More crazy tort cases from the US… Apparently a 14 year old girl is suing the Chicago Board of Education for emotional distress suffered when her class was shown the film Brokeback Mountain. I presume the emotional distress arose because of the film’s portrayal of a closet homosexual relationship between two cowboys. She purportedly seeks damages of $500,000.
What exactly is so distressing about the revelation that cowboys may have a covert homosexual relationship? I can understand that girl’s guardians may have wished to have had a say in whether she watched the film. Further, they may not have wished her to learn about homosexuality from a film. But I can’t see how this gives her an entitlement to half a million bucks.
I was trying to think of a topic about which I would feel outraged if a school teacher exposed my child to it without my consent. I think if a school showed a film with graphic violence to my teenage daughter, for example, I would want a say in it. But I don’t think suing the school would be the answer. I would raise my concerns with the school, and say that I thought it was inappropriate. I would also counsel my daughter and encourage her to talk about anything she found disturbing or worrying. Surely that’s all that a guardian or parent needs to do? Suing for half a million is really over the top.
Update
Someone has pointed out that Brokeback Mountain shouldn’t be shown in schools because it is rated R. This is a very good point. So the teacher certainly should not have been showing the film to students under the age of 18. But still…$500,000 for emotional distress?

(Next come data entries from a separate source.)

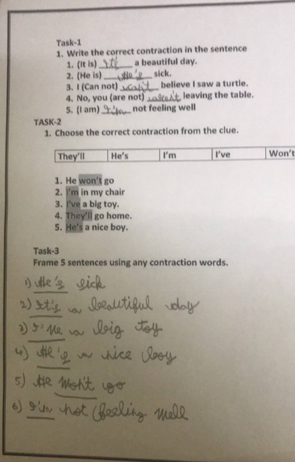 Task-1 1. Write the correct contraction in the sentence 1. (it is) Lte a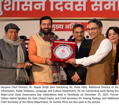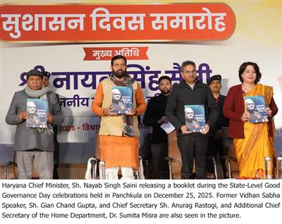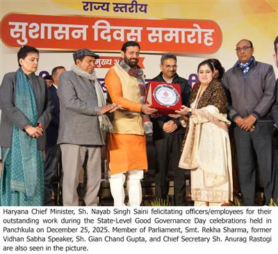 Chandigarh, December 25 - Reiterating the Haryana Government’s firm commitment to transparent, accountable and citizen-centric administration, Chief Minister, Sh. Nayab Singh Saini said that good governance is the strongest pillar for building a Developed India and a Developed Haryana.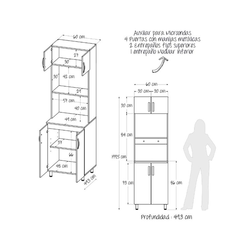 Descubre la elegancia y funcionalidad de nuestra Alacena Moderna, imagina una alacena que no solo organiza tu cocina, sino que también añade un toque de sofisticación y estilo contemporáneo. Cuenta en general con 4 puertas, nichos abiertos y es, además incluye el mesón espacio para horno, microondas o decoración.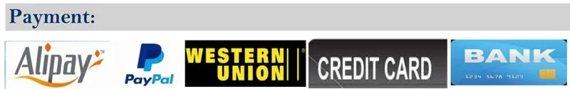 Vous pouvez payer par carte de crédit ou autre carte bancaire privée via Alipay directement. Vous pouvez également payer via Western Union ou Paypal ou virement bancaire T/T l’argent, s’il vous plaît laissez-nous savoir si vous avez des questions. Merci.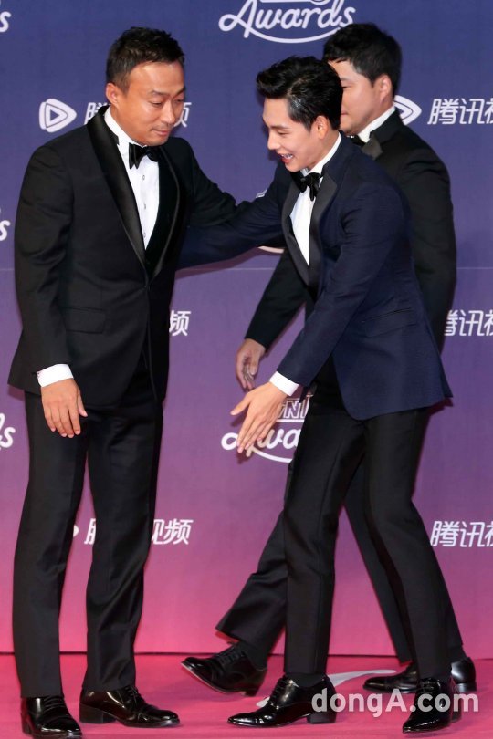 배우 이성민(왼쪽)과 임시완이 9일 오후 경기 고양 일산 서구 킨텍스 제2전시장에서 열린 tvN 페스티벌 어워즈 레드카펫 행사에 참석하고 있다.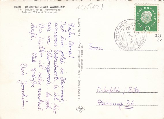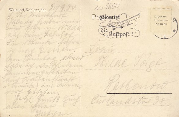 Frankfurt am Main Hospiz Kronenhof Feldpoststempel Stadt des Deutschen Handwerks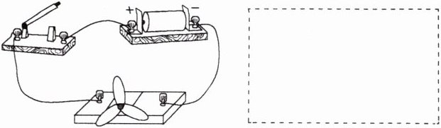 解析 由实物图知,电路中只有电风扇电动机一个用电器,开关接在电源正极与电动机之间,电路图如图所示。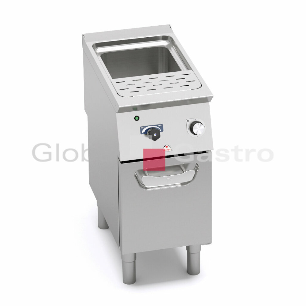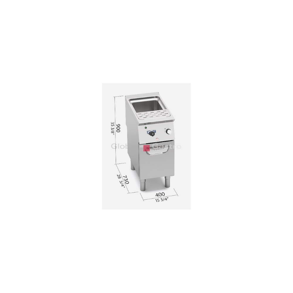 Vysoký výkon zaručený systémem vytápění umístěným vně povrchu pláště nádrže s pojistným termoventilem a chráněným zápalným plaménkem. Piezoelektrické zapalování s gumovou ochranou. Lisovaná vana se zaoblenými hranami vyrobená z nerez oceli AISI 316.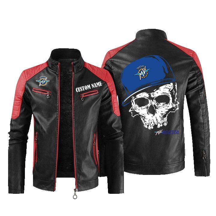 Custom Name Skull Design MV Agusta Leather Biker Jacket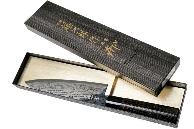 The Tojiro Shippu Black damascus chef’s knife 18 cm is the smallest, but definitely not the least of the three chef’s knife from the Shippu black collection. The knife is easy to use because the 18 cm long blade is slightly shorter than your average chef’s knife. As a result this chef’s knife is perfect for cutting small to average size products.

I wonder if you could sue the school for breaching the film classification recommendations - sounds to me like that’s a more productive way to go to prevent this sort of thing in the future.
2 Comments
Personally I would be outraged if my daughters school showed Al Gores “an inconvenient truth” to the children…
It’s amazing what parents will complain about.
A few years before I started at my current place of employment, a mother of a junior student took the school to the papers because, as a Christian, she disapproved of the ’sexual content’ in a school novel (the sexual content to which she so objected was a completely contextual description of puberty).
Nothing came of it, as it’s a text used and approved statewide, however it gave me pause - there are so many texts, films, theories (I’ve had a student denounce evolution in my class before) with the capability to be controversial - it’s no wonder we’re drowning in a sea of political correctness.